It is estimated that about half of the global population lacks access to adequate health services without financial hardship. Such access is promised under the Universal Health Coverage (UHC), to which the current leadership of the World Health Organization is publicly committed. The Global Health Centre and Rabin Martin gathered diverse experts to discuss the progress towards UHC and the role of the private sector under the title “the new health economy”. This discussion was held during the 71st World Health Assembly and explored questions including: What is a health economy? How is it composed? Who contributes to it?
The health economy is a significant source of economic growth and a target of large portion of household consumption: it encompasses areas such as elderly care, sports and well-being, and manufacturing of healthcare products. Furthermore, the health workforce is an important component of the health economy and constitutes typically also a significant portion of the overall labour force of a country. Globally, the health sector is the fastest growing employment sector. Despite this, the health workforce is often seen as a cost to be contained, rather than an investment to the economy itself.
Partially due to its size, the health economy has a great potential to increase and stabilise the economy of countries in various stages of development. Demand for health sector employment and health service provision does not reduce during periods of instability in a similar manner as other sectors, making it a reliable source of employment, stability and economic output for countries, in particular in low and middle income settings.
It is impossible to discuss the health economy without discussing the role of women: 70% of the global health workforce are women, who are concentrated particularly at the low-paid and unpaid end of the scale.
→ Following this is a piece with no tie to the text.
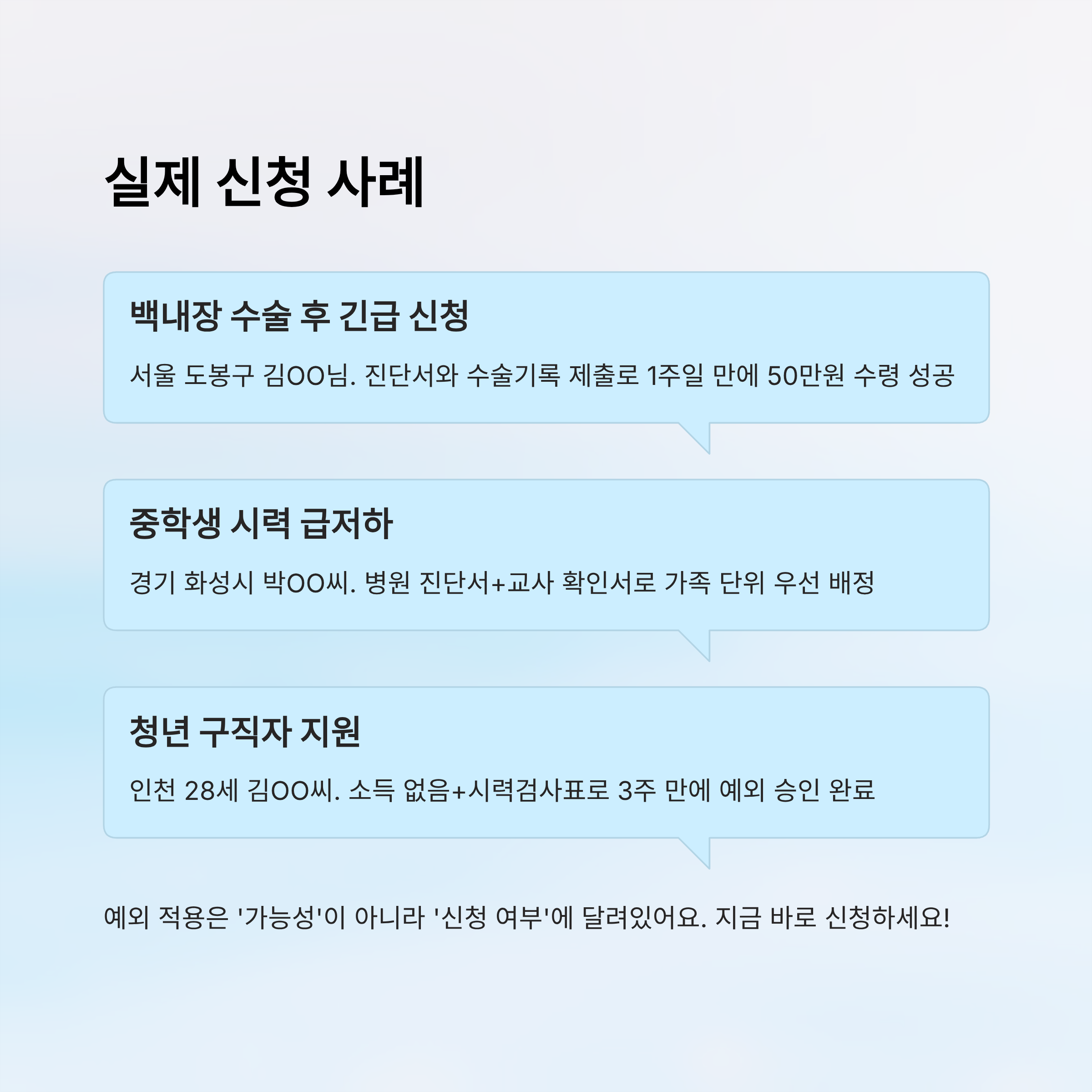 인천의 28세 남성 김OO 씨는 구직 중 시력이 급격히 나빠졌지만 소득이 없어 신청이 늦었어요. 건강보험료 납부 기록이 없고, 시력 검사표와 안과 진단서를 함께 제출해 예외 승인을 받아 3주 만에 지원 완료!

At the same time, women’s paid labour force participation is a motor for economic growth, and the increasing demand for the health workforce globally provides more employment opportunities for women, as well as an added asset towards creating economic prosperity. However, currently the unpaid care and health work provided by women is in effect a very significant hidden subsidy to the economy. The private sector can play a pivotal role in investing to decent employment for women in the health sector. In addition to the investment into health workforce and in particular women working in the sector, good governance and stewardship from the governments are needed.
Finally, the private sector has a role in the provision of health for all because many countries are struggling to provide universal health coverage on public sector provision alone. Therefore, the involvement of both non-profit and for-profit health providers outside the government is both complimentary and necessary. Nevertheless, multiple political, economic, regulatory and legal barriers still hinder the participation of private sector in primary health provision. In many cases, it is very difficult for governments to engage with scattered for-profit providers and to oversee the quality and standards of health-services they provide. Many countries have begun benefiting from a network of specialised private sector health providers rather than a single provider responsible for all health services. Engaging in the health economy provides multiple avenues and can be advantageous for the both the private and the public sector.
Economies with better health systems are known to have higher human capital due to healthier population, making them more successful in the long term. Therefore, the intended outcome of a new health economy is a healthier population who can access appropriate health services without the prospect of financial hardship.